Kindheit, Tove Ditlevsen

Was für ein phänomenales Buch! Die dänische Lyrikerin und Schriftstellerin Tove Ditlevsen (1917-1976), deren Werke in Dänemark zur Schullektüre gehören, hat dieses autobiografische Buch bereits 1967 veröffentlicht. Jetzt liegt es erstmals in deutscher Übersetzung vor als Teil der sog. Kopenhagen-Trilogie. Was für ein Geschenk!

Tove Ditlevsen wurde im Dezember 1917 in Kopenhagen geboren. Sie wächst mit ihrem älteren Bruder bei ihren Eltern im Arbeitermilieu in Armut auf. Es ist aber weniger die Armut, die ihr Leben erschwert, sondern das Gefühl ungeliebt und anders zu sein als alle anderen. Der Bruder ist der Augenstern des Vaters, sie ist ja nur ein Mädchen. Der Vater ist wortkarg, die Mutter kaltherzig und launisch. Tove bringt sich selbst vor dem Schuleintritt Lesen und Schreiben bei. Worte erschaffen eine eigene Welt in ihr, die sie vor allen anderen verbergen muss. An Lesestoff zu kommen ist schwer, die Mutter hält nichts davon. Aber der Vater liest. Dennoch darf auch er nicht wissen, dass Gedichte in Tove wachsen wie Girlanden. Sie schreibt die Gedichte auf und muss sie vor Spott verbergen. Tove träumt davon, eine berühmte Dichterin zu werden. Aber der Vater erklärt ihr, dass Mädchen nicht Dichter werden könnten.

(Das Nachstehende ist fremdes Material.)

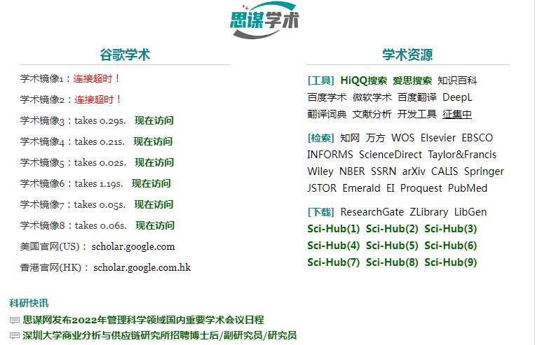 | 网站简介: 思谋学术:为科研工作者提供谷歌学术和网页搜索的网站导航,自动检测和更新可以访问的谷歌学术网址,并提供学术论文的Sci-Hub免费下载通道。 |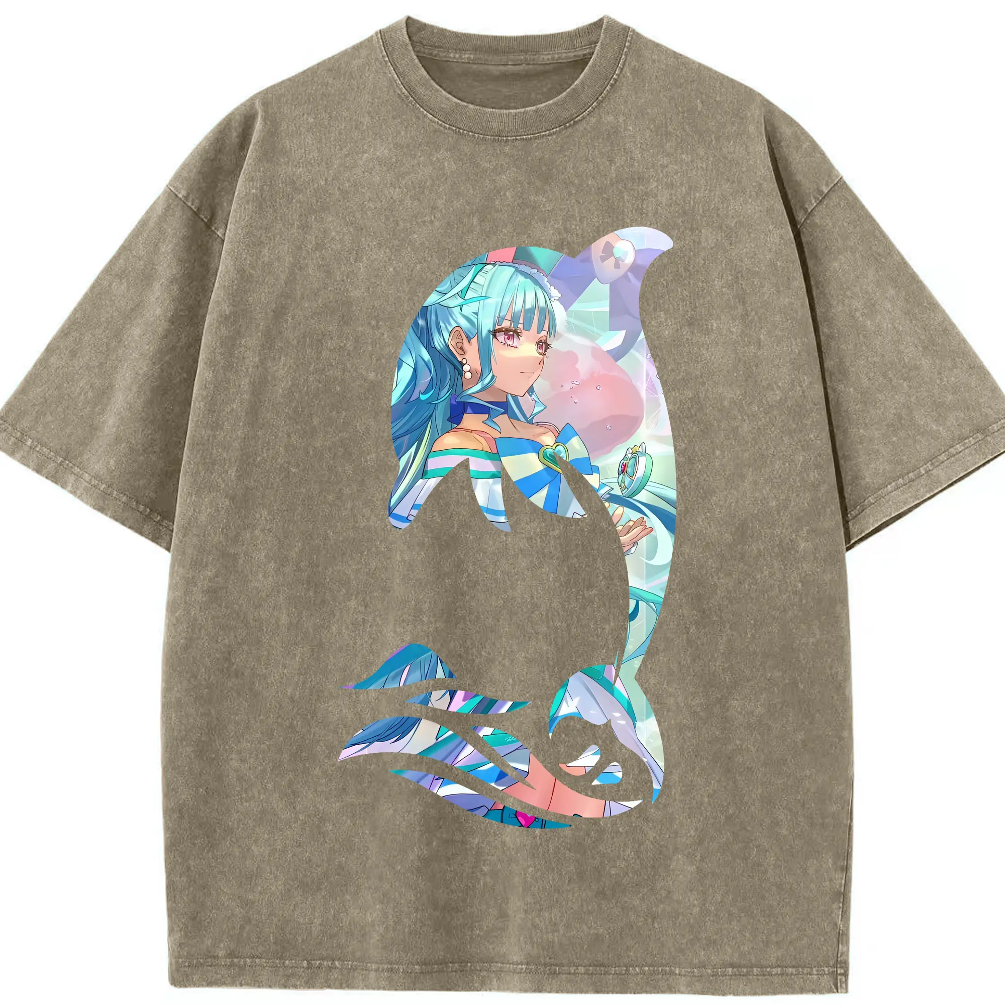 わんだふるぷりきゅあ グッズ 猫屋敷まゆ - 綿100% ヴィンテージ風 半袖Tシャツ ・ 背面プリント ・ 柔らか肌触り ・ 通気性 快適 ・ スポーツ カジュアル 外出用

„ …, und in meinem Inneren krochen lange, merkwürdige Wörter hervor und legten sich wie eine Schutzhülle über meine Seele. Ein Lied, ein Gedicht, etwas Linderndes, Rhythmisches und unendlich Melancholisches, das jedoch nie so leidvoll und traurig war, wie es der Rest des Tages unweigerlich sein würde. Wenn mich diese hellen Wogen von Wörtern durchströmten, wusste ich, dass meine Mutter mir nichts mehr anhaben konnte, denn in diesem Moment hörte sie auf, für mich von Bedeutung zu sein.“ (S. 8)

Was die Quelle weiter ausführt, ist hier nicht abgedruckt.